Data for this task section start

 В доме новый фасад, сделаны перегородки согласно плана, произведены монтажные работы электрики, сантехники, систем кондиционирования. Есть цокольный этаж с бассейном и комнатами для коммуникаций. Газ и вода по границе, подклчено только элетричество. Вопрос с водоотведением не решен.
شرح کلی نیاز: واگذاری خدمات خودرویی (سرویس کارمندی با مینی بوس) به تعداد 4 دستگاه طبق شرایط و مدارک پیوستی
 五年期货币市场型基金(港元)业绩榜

Data for this task section end
Data for this task section start

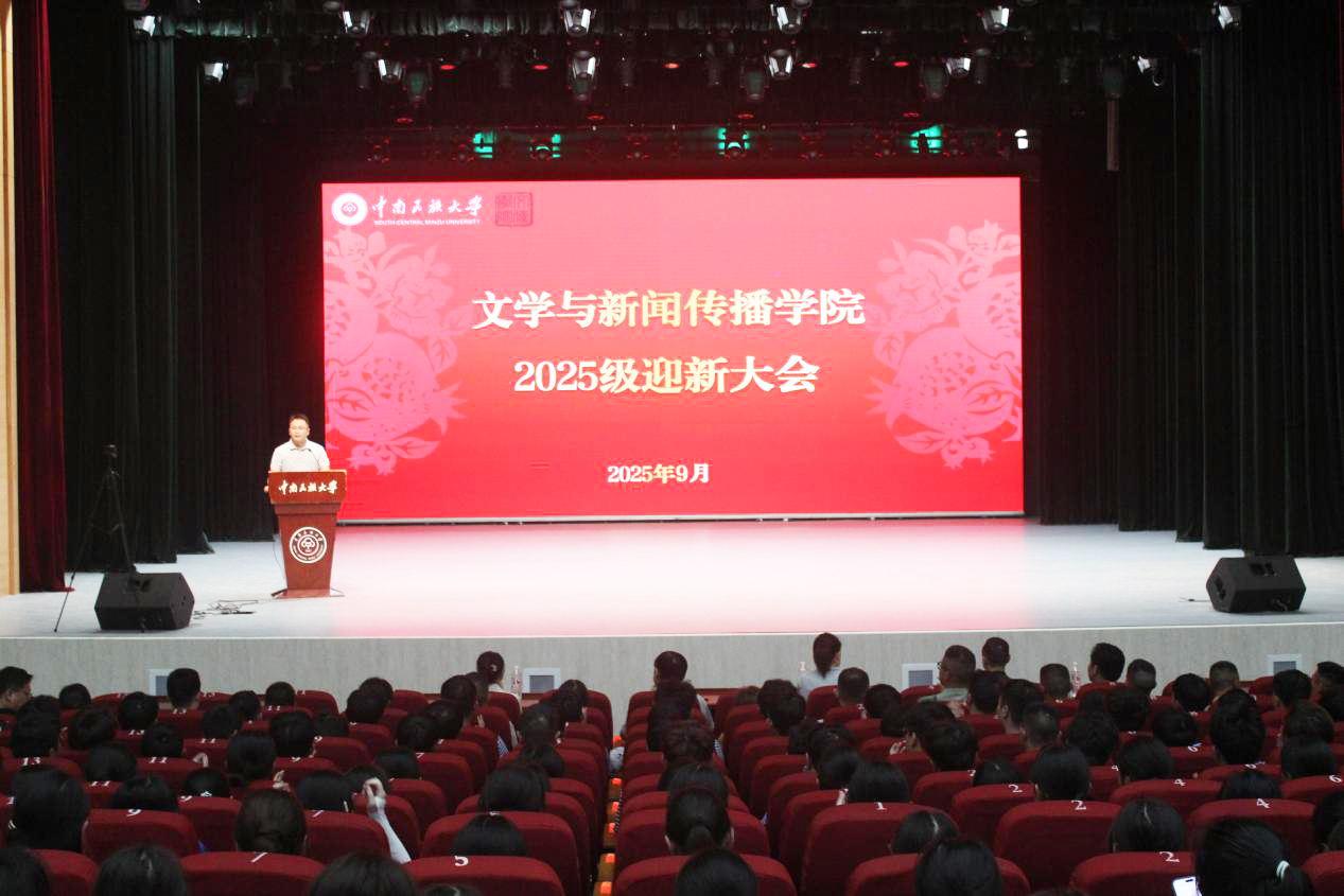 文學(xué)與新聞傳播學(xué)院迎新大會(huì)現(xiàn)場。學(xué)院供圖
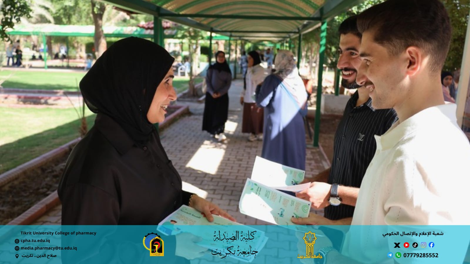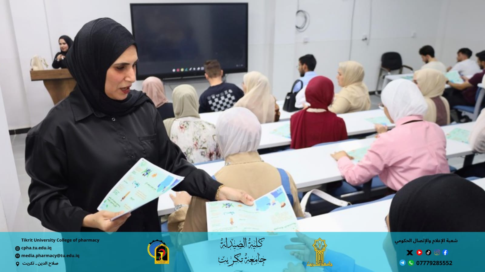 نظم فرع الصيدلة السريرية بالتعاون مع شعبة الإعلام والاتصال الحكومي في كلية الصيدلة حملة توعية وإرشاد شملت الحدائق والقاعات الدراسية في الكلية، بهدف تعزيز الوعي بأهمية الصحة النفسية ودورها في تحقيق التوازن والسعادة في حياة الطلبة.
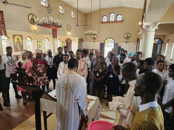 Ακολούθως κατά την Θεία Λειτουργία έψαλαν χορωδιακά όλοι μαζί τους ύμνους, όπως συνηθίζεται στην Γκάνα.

Data for this task section end
Data for this task section start

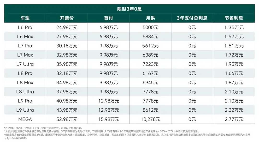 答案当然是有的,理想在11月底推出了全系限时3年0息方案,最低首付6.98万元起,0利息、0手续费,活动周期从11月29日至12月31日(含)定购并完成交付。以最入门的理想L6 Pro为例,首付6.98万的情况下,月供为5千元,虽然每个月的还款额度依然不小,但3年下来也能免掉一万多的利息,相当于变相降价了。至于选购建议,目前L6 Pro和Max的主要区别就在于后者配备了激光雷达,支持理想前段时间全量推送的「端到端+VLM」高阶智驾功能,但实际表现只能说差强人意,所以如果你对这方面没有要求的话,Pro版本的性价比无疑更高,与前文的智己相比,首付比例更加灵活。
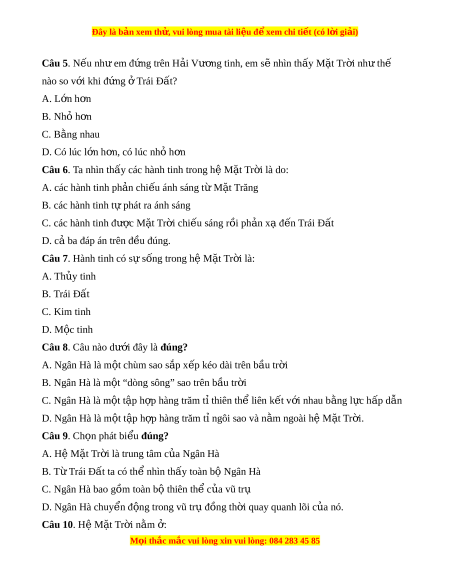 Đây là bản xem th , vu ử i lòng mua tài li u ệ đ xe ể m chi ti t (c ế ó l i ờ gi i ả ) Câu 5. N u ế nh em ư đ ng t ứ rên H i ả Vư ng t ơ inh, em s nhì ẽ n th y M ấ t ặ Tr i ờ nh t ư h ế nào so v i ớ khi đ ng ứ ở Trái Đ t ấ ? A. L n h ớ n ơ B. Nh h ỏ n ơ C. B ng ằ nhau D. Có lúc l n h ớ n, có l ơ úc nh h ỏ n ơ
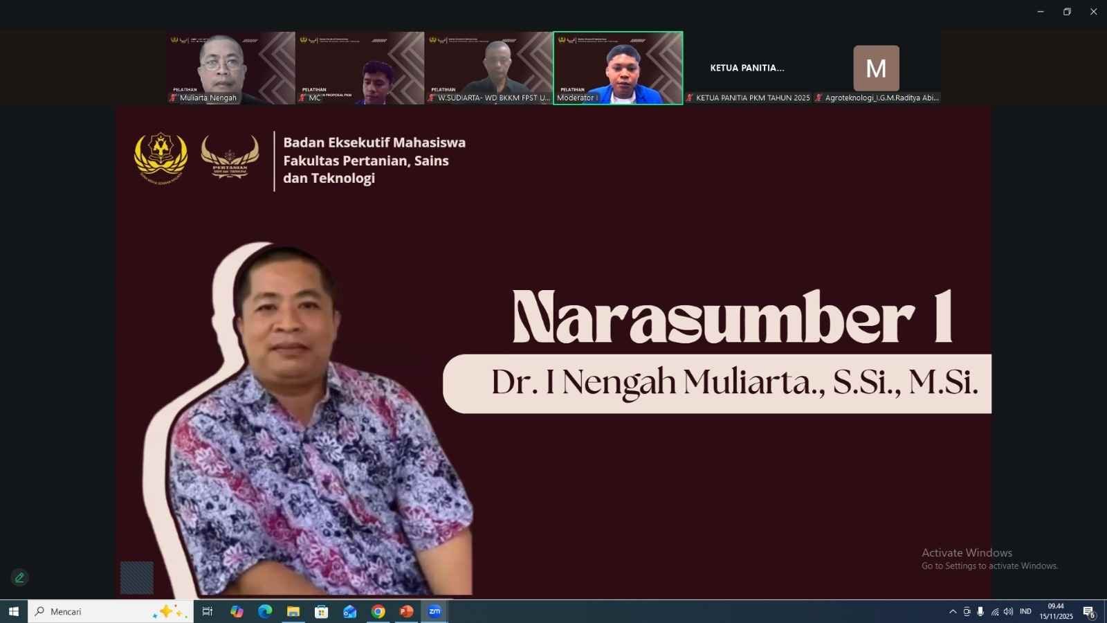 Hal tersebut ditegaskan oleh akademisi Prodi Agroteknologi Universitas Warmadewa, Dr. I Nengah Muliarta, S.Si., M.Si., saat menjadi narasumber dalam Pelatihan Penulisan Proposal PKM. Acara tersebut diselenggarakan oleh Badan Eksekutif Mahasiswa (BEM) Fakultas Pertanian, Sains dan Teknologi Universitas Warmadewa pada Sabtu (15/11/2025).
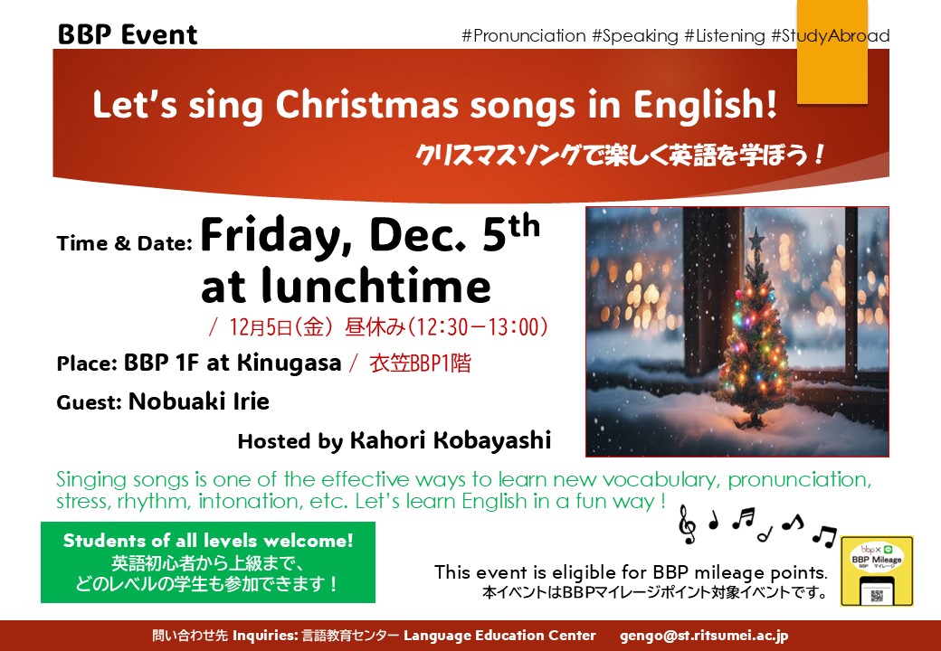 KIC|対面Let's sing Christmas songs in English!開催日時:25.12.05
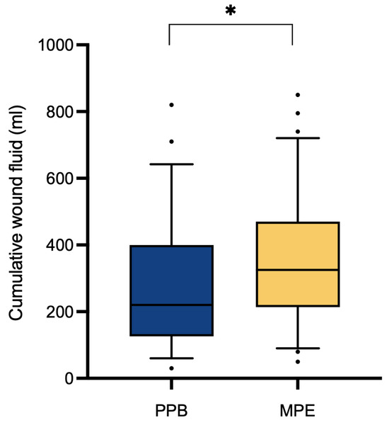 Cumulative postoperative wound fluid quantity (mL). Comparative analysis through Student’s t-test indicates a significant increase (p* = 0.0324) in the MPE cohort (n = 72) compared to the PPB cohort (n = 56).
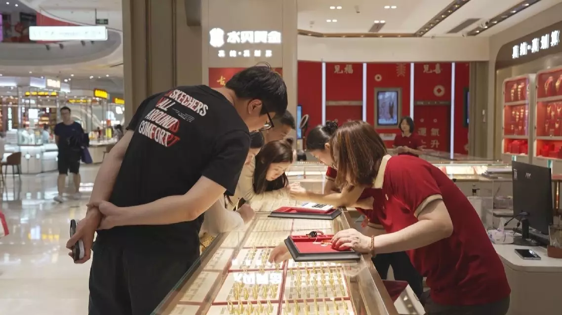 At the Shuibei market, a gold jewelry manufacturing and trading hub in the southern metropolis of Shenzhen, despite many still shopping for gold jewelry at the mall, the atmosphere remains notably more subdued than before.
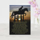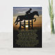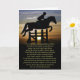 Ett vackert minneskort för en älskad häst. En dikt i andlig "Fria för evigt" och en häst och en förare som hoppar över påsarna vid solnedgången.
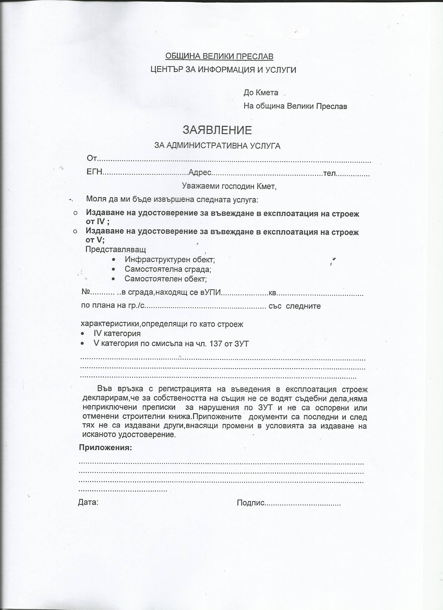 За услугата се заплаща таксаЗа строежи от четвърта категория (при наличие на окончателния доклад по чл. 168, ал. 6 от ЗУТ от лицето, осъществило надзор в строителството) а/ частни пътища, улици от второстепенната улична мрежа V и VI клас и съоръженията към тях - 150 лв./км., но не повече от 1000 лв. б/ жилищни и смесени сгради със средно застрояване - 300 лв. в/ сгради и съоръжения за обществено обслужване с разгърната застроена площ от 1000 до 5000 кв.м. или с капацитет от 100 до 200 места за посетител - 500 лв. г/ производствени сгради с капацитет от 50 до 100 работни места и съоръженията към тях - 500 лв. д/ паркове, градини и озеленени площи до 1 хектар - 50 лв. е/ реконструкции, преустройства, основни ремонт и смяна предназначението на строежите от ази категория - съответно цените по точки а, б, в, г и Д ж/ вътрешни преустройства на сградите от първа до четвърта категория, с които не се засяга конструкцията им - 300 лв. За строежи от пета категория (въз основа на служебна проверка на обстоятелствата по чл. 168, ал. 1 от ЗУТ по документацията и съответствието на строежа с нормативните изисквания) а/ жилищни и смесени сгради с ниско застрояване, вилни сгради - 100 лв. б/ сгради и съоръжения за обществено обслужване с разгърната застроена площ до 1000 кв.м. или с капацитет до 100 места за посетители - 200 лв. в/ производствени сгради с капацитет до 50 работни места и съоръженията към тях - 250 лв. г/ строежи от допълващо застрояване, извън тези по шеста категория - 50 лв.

Data for this task section end

- _Assignment_
The reply should hold the entries above from the line with "Đây là bản xem" to the line with "KIC|対面Let's sing Christmas", duplicated exactly, pictures excluded.

- _Response to this task_
 Đây là bản xem th , vu ử i lòng mua tài li u ệ đ xe ể m chi ti t (c ế ó l i ờ gi i ả ) Câu 5. N u ế nh em ư đ ng t ứ rên H i ả Vư ng t ơ inh, em s nhì ẽ n th y M ấ t ặ Tr i ờ nh t ư h ế nào so v i ớ khi đ ng ứ ở Trái Đ t ấ ? A. L n h ớ n ơ B. Nh h ỏ n ơ C. B ng ằ nhau D. Có lúc l n h ớ n, có l ơ úc nh h ỏ n ơ
 Hal tersebut ditegaskan oleh akademisi Prodi Agroteknologi Universitas Warmadewa, Dr. I Nengah Muliarta, S.Si., M.Si., saat menjadi narasumber dalam Pelatihan Penulisan Proposal PKM. Acara tersebut diselenggarakan oleh Badan Eksekutif Mahasiswa (BEM) Fakultas Pertanian, Sains dan Teknologi Universitas Warmadewa pada Sabtu (15/11/2025).
 KIC|対面Let's sing Christmas songs in English!開催日時:25.12.05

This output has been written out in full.